━━━━━ DATA TO PROCESS

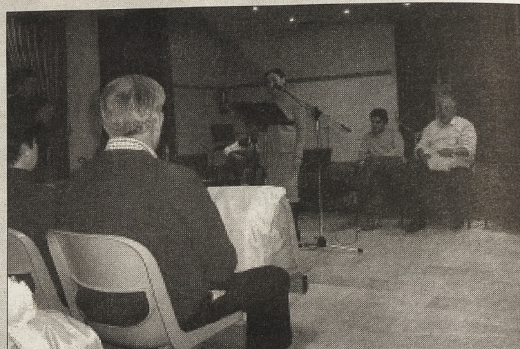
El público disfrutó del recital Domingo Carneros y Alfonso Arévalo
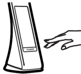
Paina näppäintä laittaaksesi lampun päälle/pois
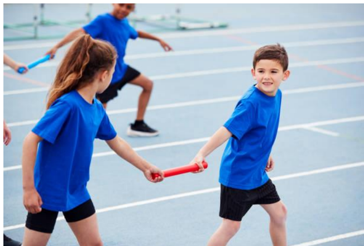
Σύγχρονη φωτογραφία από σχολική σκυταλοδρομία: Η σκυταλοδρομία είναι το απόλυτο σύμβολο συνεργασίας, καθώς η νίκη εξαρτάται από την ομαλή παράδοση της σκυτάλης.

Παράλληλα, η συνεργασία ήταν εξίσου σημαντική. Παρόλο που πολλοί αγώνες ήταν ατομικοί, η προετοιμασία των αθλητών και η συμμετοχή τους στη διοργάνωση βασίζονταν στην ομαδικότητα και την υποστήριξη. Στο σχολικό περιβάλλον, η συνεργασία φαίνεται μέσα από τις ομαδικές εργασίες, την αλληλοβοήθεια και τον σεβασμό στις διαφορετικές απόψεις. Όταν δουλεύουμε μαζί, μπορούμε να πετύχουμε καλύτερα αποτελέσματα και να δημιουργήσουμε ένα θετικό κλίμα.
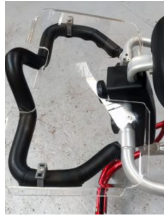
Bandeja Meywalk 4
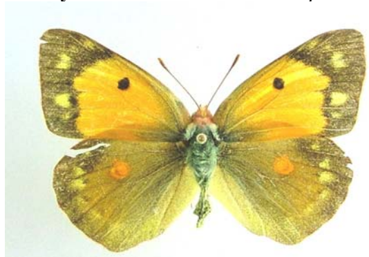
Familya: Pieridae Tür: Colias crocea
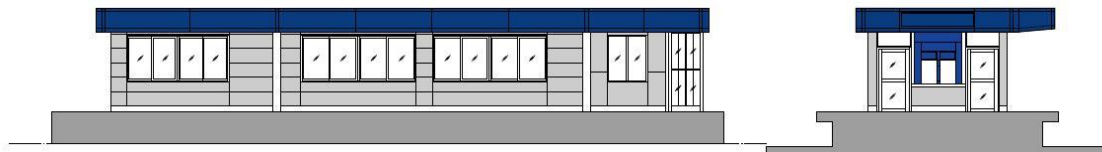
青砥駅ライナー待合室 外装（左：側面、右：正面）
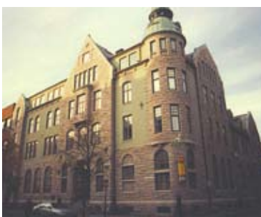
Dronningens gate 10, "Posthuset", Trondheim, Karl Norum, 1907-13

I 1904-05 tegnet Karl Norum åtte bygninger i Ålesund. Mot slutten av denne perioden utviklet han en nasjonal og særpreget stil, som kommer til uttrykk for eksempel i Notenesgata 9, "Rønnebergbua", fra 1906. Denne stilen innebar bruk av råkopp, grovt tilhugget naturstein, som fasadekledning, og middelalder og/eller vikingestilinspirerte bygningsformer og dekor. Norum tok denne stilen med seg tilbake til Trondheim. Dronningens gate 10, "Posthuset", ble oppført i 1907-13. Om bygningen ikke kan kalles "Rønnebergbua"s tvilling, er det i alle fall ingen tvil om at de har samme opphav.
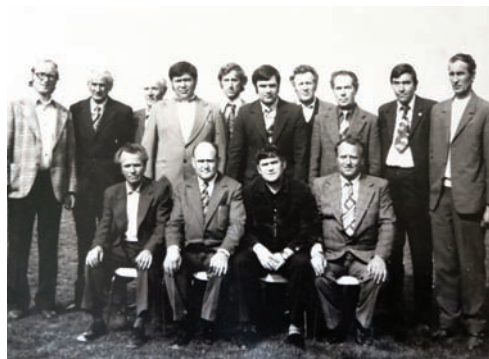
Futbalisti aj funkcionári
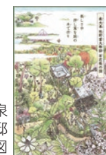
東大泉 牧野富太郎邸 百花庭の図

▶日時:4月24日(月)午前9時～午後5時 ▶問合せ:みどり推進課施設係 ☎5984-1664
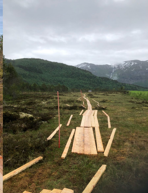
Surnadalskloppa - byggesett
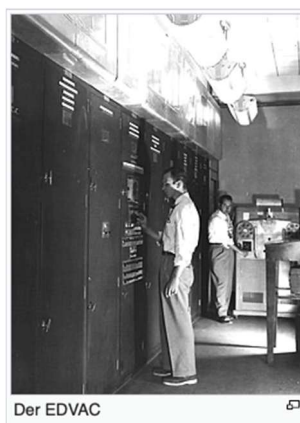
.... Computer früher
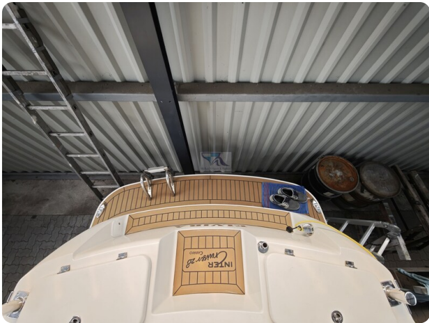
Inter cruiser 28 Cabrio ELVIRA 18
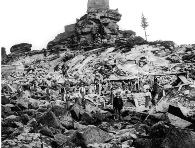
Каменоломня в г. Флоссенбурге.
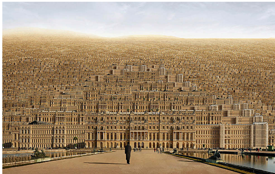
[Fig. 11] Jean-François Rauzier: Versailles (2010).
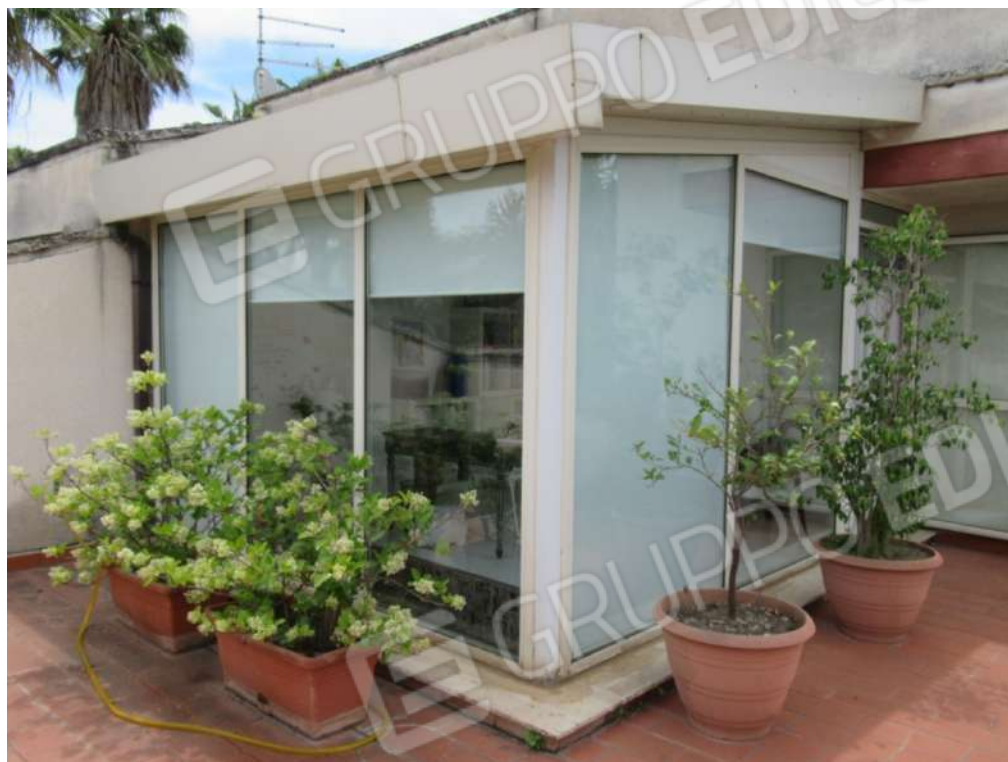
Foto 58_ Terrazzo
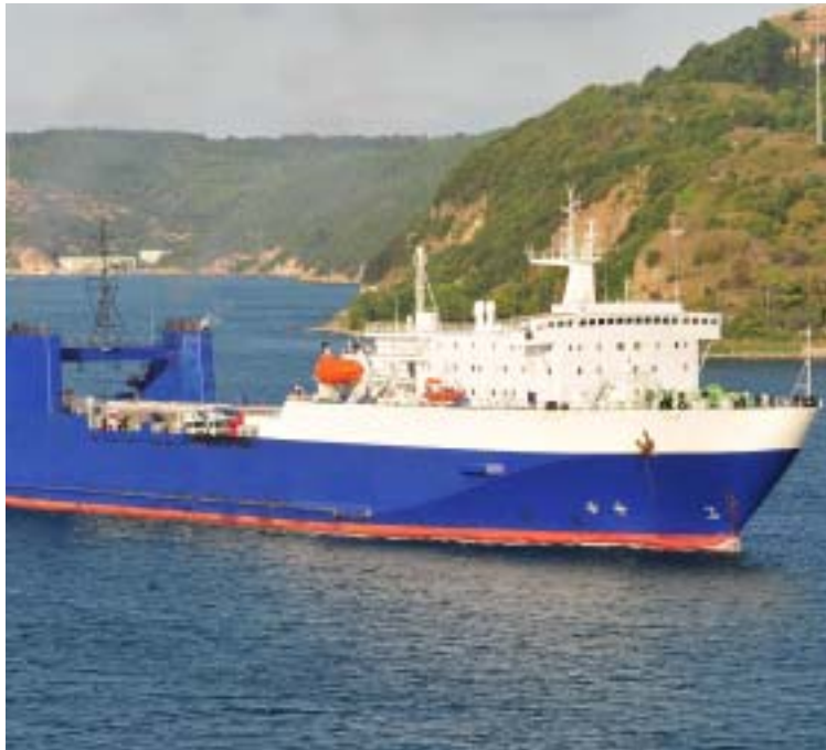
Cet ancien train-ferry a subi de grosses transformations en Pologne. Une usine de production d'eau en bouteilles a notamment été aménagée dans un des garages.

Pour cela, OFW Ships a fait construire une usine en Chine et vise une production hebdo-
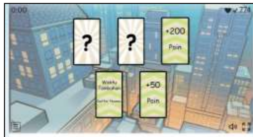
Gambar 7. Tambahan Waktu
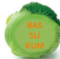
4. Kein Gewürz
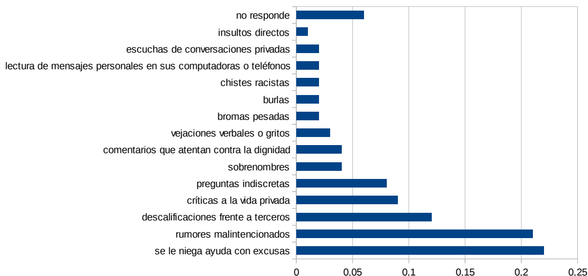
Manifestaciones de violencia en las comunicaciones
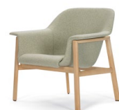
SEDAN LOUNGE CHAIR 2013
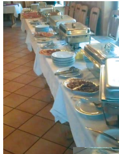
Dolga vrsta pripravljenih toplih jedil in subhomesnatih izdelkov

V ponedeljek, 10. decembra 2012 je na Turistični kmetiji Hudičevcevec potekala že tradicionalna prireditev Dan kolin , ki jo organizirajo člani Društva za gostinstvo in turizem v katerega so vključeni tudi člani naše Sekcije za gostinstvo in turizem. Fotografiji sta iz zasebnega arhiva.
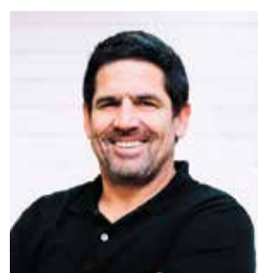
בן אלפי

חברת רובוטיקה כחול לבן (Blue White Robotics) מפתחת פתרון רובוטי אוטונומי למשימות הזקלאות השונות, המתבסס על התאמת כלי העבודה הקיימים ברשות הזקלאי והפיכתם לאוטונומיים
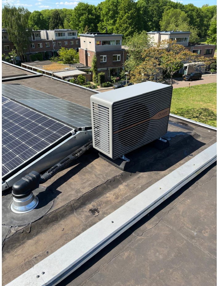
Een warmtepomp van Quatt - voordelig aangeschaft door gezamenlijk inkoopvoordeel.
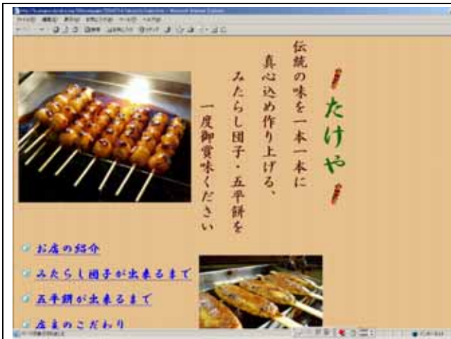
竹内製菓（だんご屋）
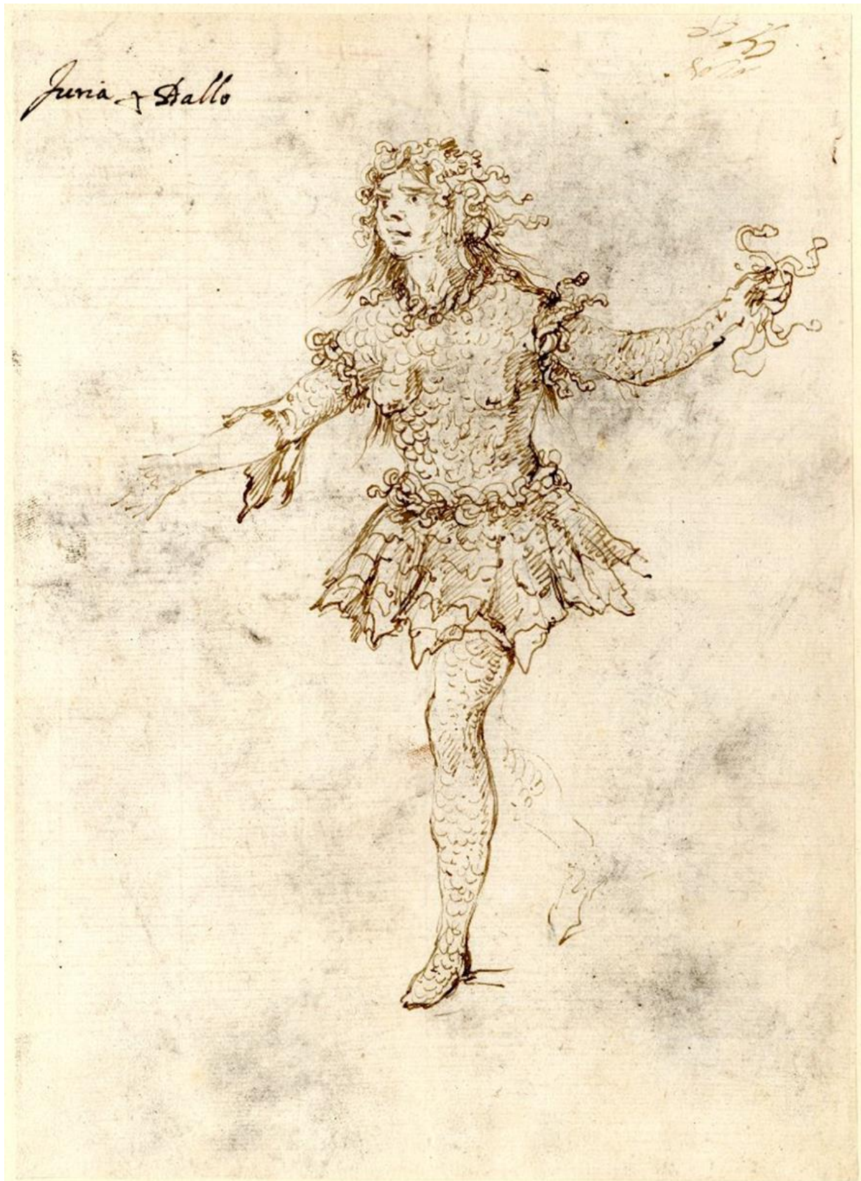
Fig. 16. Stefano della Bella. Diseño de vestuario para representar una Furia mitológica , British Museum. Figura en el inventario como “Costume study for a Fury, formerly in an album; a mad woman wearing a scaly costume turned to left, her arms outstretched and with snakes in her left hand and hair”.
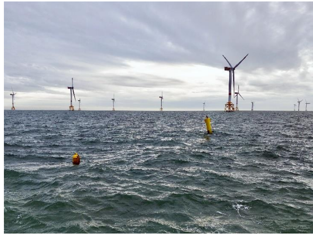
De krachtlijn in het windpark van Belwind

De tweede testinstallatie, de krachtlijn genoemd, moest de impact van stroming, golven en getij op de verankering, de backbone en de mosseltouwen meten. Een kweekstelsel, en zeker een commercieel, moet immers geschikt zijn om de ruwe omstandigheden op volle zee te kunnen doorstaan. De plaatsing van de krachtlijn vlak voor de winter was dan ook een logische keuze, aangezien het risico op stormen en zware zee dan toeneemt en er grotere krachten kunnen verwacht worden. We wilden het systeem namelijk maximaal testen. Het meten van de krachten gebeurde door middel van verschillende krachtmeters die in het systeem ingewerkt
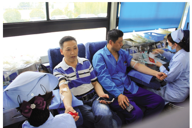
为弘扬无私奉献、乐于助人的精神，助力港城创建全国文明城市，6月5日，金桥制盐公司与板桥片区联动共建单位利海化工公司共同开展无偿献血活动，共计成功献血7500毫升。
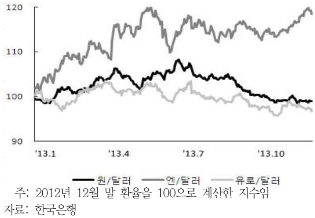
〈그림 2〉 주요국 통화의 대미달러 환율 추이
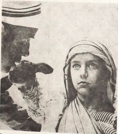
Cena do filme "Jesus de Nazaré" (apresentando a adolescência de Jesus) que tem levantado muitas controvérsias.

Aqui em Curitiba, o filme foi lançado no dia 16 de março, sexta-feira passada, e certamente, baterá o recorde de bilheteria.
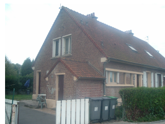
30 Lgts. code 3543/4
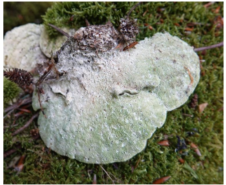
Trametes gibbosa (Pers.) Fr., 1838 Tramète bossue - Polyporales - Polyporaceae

━━━━━━━━━━

#### WHAT YOU SHOULD DO
Pull out every line above that holds the word "krachtlijn".

#### FINISHED EXERCISE
De krachtlijn in het windpark van Belwind
De tweede testinstallatie, de krachtlijn genoemd, moest de impact van stroming, golven en getij op de verankering, de backbone en de mosseltouwen meten. Een kweekstelsel, en zeker een commercieel, moet immers geschikt zijn om de ruwe omstandigheden op volle zee te kunnen doorstaan. De plaatsing van de krachtlijn vlak voor de winter was dan ook een logische keuze, aangezien het risico op stormen en zware zee dan toeneemt en er grotere krachten kunnen verwacht worden. We wilden het systeem namelijk maximaal testen. Het meten van de krachten gebeurde door middel van verschillende krachtmeters die in het systeem ingewerkt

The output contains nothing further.